And we were very much disappointed as that day there weren’t enough wild animals to be seen as we expected.

And, if you have had the experience you would know that driving in the middle of convoy presents certain problems. If you drive alone, over a track with an uneven surface full of potholes, you wouldn’t speed over them. You would use caution when crossing the muddy pools with unknown depths.  However, here the leading 4X4 light vehicle with the Guide onboard would speed over the broken track forcing the normal street vehicles like ours, which are fully loaded also to follow suit at the same speed.

So, the vehicles suffer a lot beating hurtling over the broken trails. My fiber engine guard underneath the engine dislodged on one side knocking on an edge of a pothole and was being dragged along all the way. I couldn’t warn the guide as honking, stopping or getting out of vehicle is not allowed.  The engine guard had taken quite a beating as I later discovered.

It was after dusk when we returned to the ticketing office where I crept under the vehicle and removed the guard and put it into the back of the vehicle.
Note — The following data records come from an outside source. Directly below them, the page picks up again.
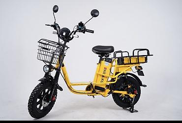 Электровелосипед/электроскутер грузовой форм‑фактора. Основные особенности: - Электромотор, привод на заднее колесо - Аккумуляторно‑батарейный блок по центру рамы - Усиленная задняя грузовая платф...
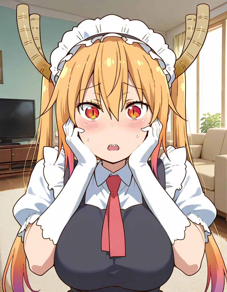 1girl, solo, long hair, blonde hair, dragon horns, dragon girl, twintails, multicolored hair, maid headdress, maid, gradient hair, red necktie, smile, slit pupils, looking at viewer, hair between eyes, white gloves, orange hair, blush, large breasts, short sleeves, red eyes, closed mouth, elbow gloves, bangs, puffy sleeves, maid dress, upper body
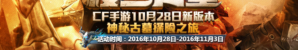 上个版本大家有没有玩够呢?现在新版本就要和大家见面了,本次名叫楼兰古墓的新版本是不是为这款枪战游戏增加了几分神秘色彩呢?在古墓当中又会遭遇怎样的惊险呢?来参加本次活动好好感受一下全新乐趣吧!(活动时间:10月28日-11月3日)
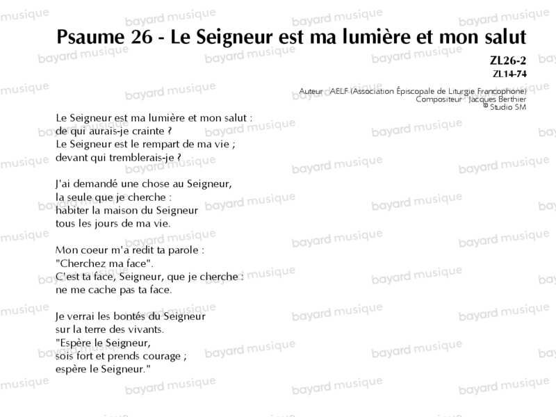 Psaume 26 - Le Seigneur est ma lumière et mon salut
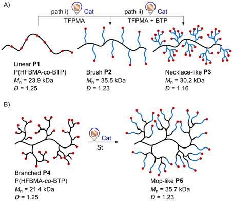 2. 通过光催化调控的“多样化”的可控自由基聚合合成各种拓扑结构的含氟聚合物.
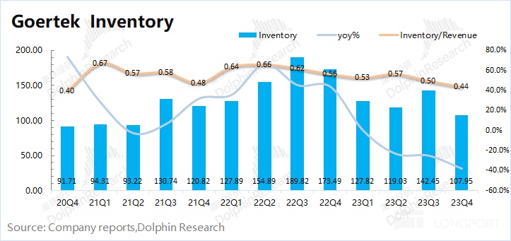 ②存貨:歌爾股份 2023 年第四季度存貨 107.95 億元,同比下滑 37.8%。從存貨/營業收入指標看,歌爾股份本季度繼續下滑至 0.44。當前歌爾的存貨水位大幅下降,是受部分下游需求疲軟的影響,公司也相應的調整了存貨的儲備情況。雖然存貨結構相對合理,但這波庫存去化並不是需求帶動的。
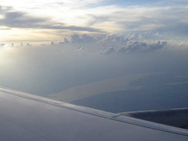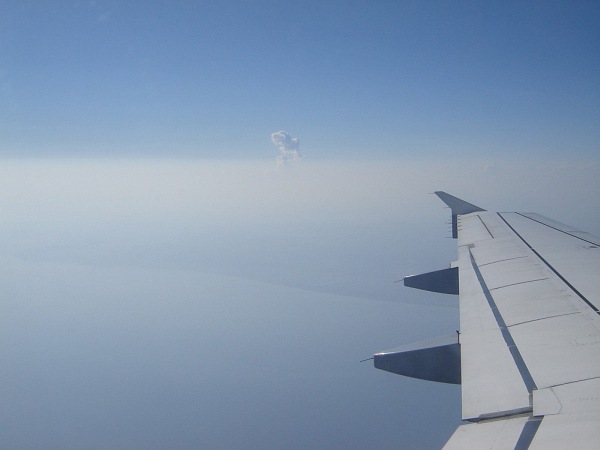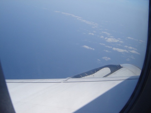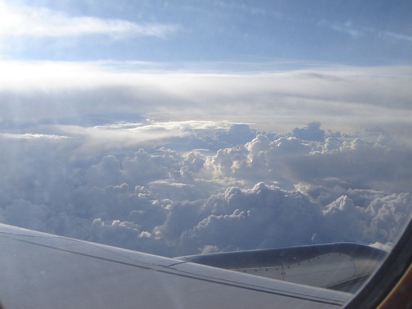 Na lotnisku w Barcelonie (już po odprawie), w poszukiwaniu właściwej "bramy", skąd odlatywał samolot do Monachium Krótko po starcie z lotniska w Barcelonie (samolot wykonuje łuk, aby obrać właściwy kierunek). Niesamowite było to, że niebieskość morza była dokładnie taka sama, jak nieba - w efekcie samolot jakby zawisł w niebieskiej przestrzeni, pozbawionej linii horyzontu, porządkującej - jakby nie było - obraz w normalnych warunkach Natomiast były chmury - cudowne chmury, kreujące nowy świat tam na górze: świat z własnymi jeziorami, morzami, górami, przepaściami... I to im poświęcam niniejszy album Małe wtrącenie: w pewnej chwili światło słoneczne padało pod takim kątem, że zauważyłem otworek w szybce i dziwne drobinki wokół. Wiem, że to efekt normalnej technologii, ale przez moment oczami wyobraźni zobaczyłem pękającą w tym miejscu szybę i siebie wyssanego przez tak powstały otwór. Ale przepiękne widoki za oknem sprawiły, że szybko zapomniałem o tym "otworku" Krótko przed lądowaniem. Ta jaśniejsza plama na dole to -sądzę - Jezioro Bodeńskie |

By the time, we set on our 12 kilometer journey over the rutted track through the wild to the main road, all the other vehicles had left and we were alone. And on this road, there are several causeways.

I swung the wheel to the left to avoid the water-logged potholes on the causeway. Suddenly, without warning, the offside of the van tilted wildly and sank into the earth with a tremendous crash and a thud and explosion. Everyone screamed. When I stepped out, I realized the driver's side was unnaturally higher than normal and the front wheel was jutting out of the wheel bay at an unusual angle.
I walked around the front to have a look. Deepa was already out and examining the damage. The left hand side of the bumper was resting on the concrete. The concrete under the offside wheel had caved in. The vehicle was balanced on the lower suspension arm resting on the concrete. As the wheel crashed through the concrete, the good Bridgestone tire I had on that wheel had burst leaving a gaping hole through which I could push my hand through, which also explained the explosion we heard.

And the crash of the concrete giving way, and the thud as the suspension arm hitting the concrete with the total weight of the fully loaded van plus the forward momentum, and the explosion of the tire all accounted for the blood curdling noise. The van was stuck in the concrete.

And what I saw next brought me out in a cold sweat. I was standing on a steaming heap of elephant dung.
We are stuck in the middle of an elephant crossing!  And, this is the time they cross!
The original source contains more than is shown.